Top of Material to process
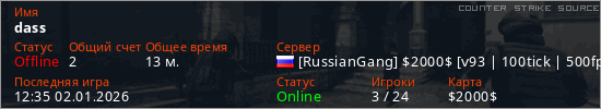 Играет на Counter Strike Source сервере. Страна: РоссияПервый раз замечен 09:56 02.01.2026
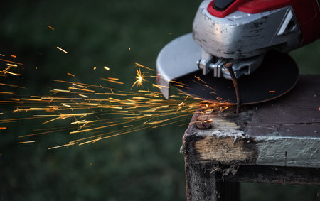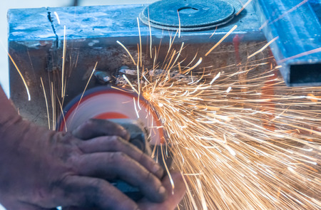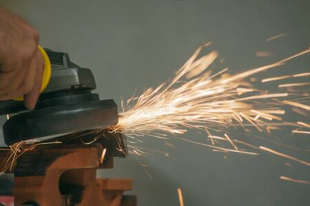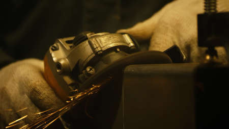 Mechanical man hand use electric grinder with flame sparks on metal business industry
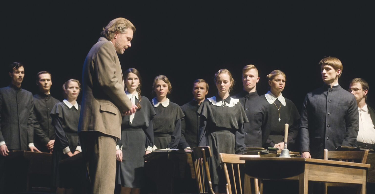 Ir visai nenuostabu, kad šiaip jau retokai profesionalų scenoje statomo „Atžalyno“ šiandien ėmėsi Lietuvos nacionalinis dramos teatras (LNDT), – bene vienintelė mūsų šalies scenos menų institucija, turinti blaiviu protu ir konceptualia logika pagrįstą meninę strategiją, – ir šį darbą paskyrė režisieriui Jonui Vaitkui bei daugiausia iš įvairių kartų jo mokinių suburtai aktorių komandai. Manyčiau, kruopščiai mezgamame šiandienio LNDT repertuaro voratinklyje naujasis „Atžalynas“ galėjo tematiškai įsiterpti tarp Oskaro Koršunovo režisuotos „Katedros“, to paties J. Vaitkaus „Visuomenės priešo“ (individo ir visuomenės, tiesos ir melo, laisvės ir tarnystės priešprieša) ir gan prieštaringai publikos bei teatro profesionalų sutiktos „Mūsų klasės“, kurią režisavo Yana Ross (jauno žmogaus likimas, susidūrus su jį užgriūvančiomis istorinėmis aplinkybėmis).
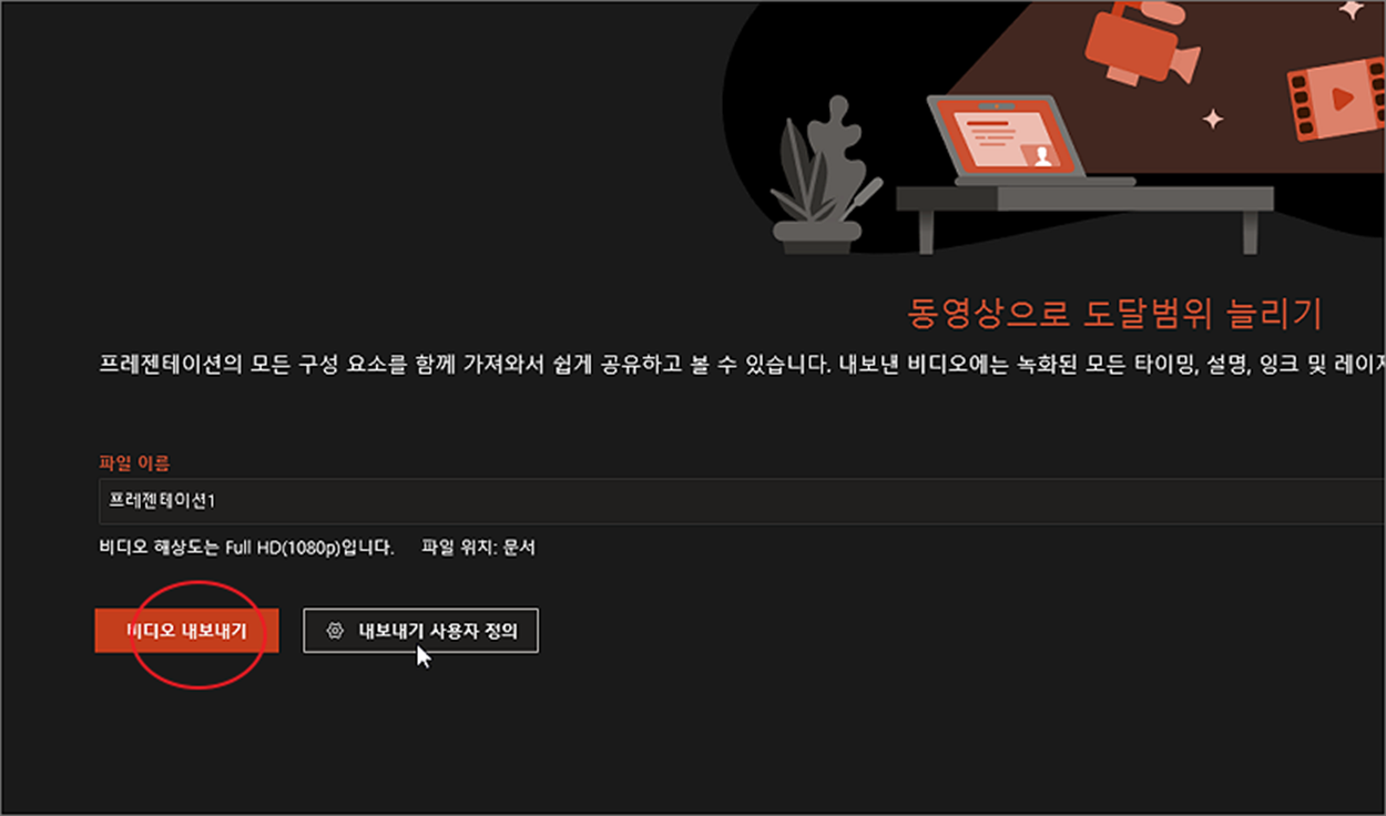 ▼ 다음 화면에서 저장할 위치를 지정하고 “비디오 내보내기” 버튼을 클릭합니다.
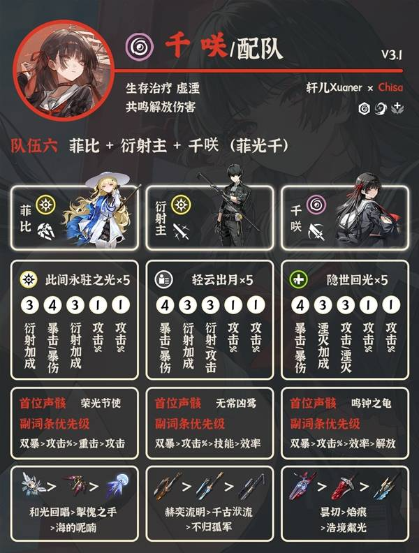 ⑥菲比+衍射主+千咲:高链菲比主C/厨子可以考虑,衍射主换夏空挂光噪也可以。
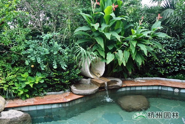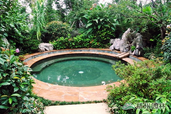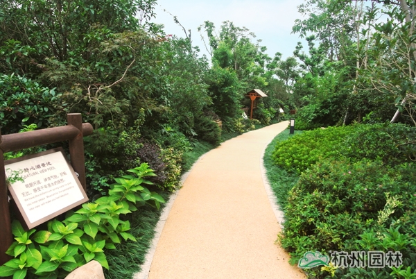 五千年的中國歷史文化,恢宏浩瀚,為園林造景提供了取之不竭的素材;園林景觀,也因為傳承了深厚的文化底蘊而散發(fā)出獨特的藝術(shù)魅力。作為一個旅游度假項目,對園林景觀的要求,不僅僅只是精致大氣、風(fēng)韻天成的美景,更需要有深厚的文化底蘊,彰顯獨一無二的中國元素。為此,在2號樓大廳門前,用植物造景再現(xiàn)代表中國書法中筆畫大體的“永”字八法,彰顯中國書法的魅力;在泡池的建造上,運用老石碾、壓門石、老磨盤等老石材,打造出懷舊氣息濃郁的鄉(xiāng)土風(fēng)情。
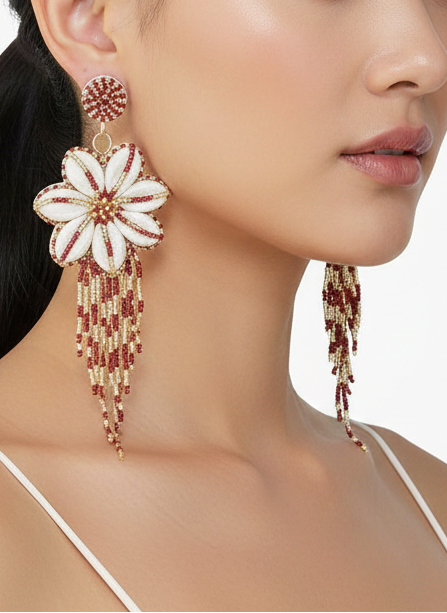 - Beaded Handmade Cute Sea Shell Floral Earrings with Beaded Tassel Hanging and Various Color Shades.
Bottom of Material to process
**What is expected**:
Repeat the records in full, exactly as they appear, without the pictures.

**Exercise response**:
 Играет на Counter Strike Source сервере. Страна: РоссияПервый раз замечен 09:56 02.01.2026
 Mechanical man hand use electric grinder with flame sparks on metal business industry
 Ir visai nenuostabu, kad šiaip jau retokai profesionalų scenoje statomo „Atžalyno“ šiandien ėmėsi Lietuvos nacionalinis dramos teatras (LNDT), – bene vienintelė mūsų šalies scenos menų institucija, turinti blaiviu protu ir konceptualia logika pagrįstą meninę strategiją, – ir šį darbą paskyrė režisieriui Jonui Vaitkui bei daugiausia iš įvairių kartų jo mokinių suburtai aktorių komandai. Manyčiau, kruopščiai mezgamame šiandienio LNDT repertuaro voratinklyje naujasis „Atžalynas“ galėjo tematiškai įsiterpti tarp Oskaro Koršunovo režisuotos „Katedros“, to paties J. Vaitkaus „Visuomenės priešo“ (individo ir visuomenės, tiesos ir melo, laisvės ir tarnystės priešprieša) ir gan prieštaringai publikos bei teatro profesionalų sutiktos „Mūsų klasės“, kurią režisavo Yana Ross (jauno žmogaus likimas, susidūrus su jį užgriūvančiomis istorinėmis aplinkybėmis).
 ▼ 다음 화면에서 저장할 위치를 지정하고 “비디오 내보내기” 버튼을 클릭합니다.
 ⑥菲比+衍射主+千咲:高链菲比主C/厨子可以考虑,衍射主换夏空挂光噪也可以。
 五千年的中國歷史文化,恢宏浩瀚,為園林造景提供了取之不竭的素材;園林景觀,也因為傳承了深厚的文化底蘊而散發(fā)出獨特的藝術(shù)魅力。作為一個旅游度假項目,對園林景觀的要求,不僅僅只是精致大氣、風(fēng)韻天成的美景,更需要有深厚的文化底蘊,彰顯獨一無二的中國元素。為此,在2號樓大廳門前,用植物造景再現(xiàn)代表中國書法中筆畫大體的“永”字八法,彰顯中國書法的魅力;在泡池的建造上,運用老石碾、壓門石、老磨盤等老石材,打造出懷舊氣息濃郁的鄉(xiāng)土風(fēng)情。
 - Beaded Handmade Cute Sea Shell Floral Earrings with Beaded Tassel Hanging and Various Color Shades.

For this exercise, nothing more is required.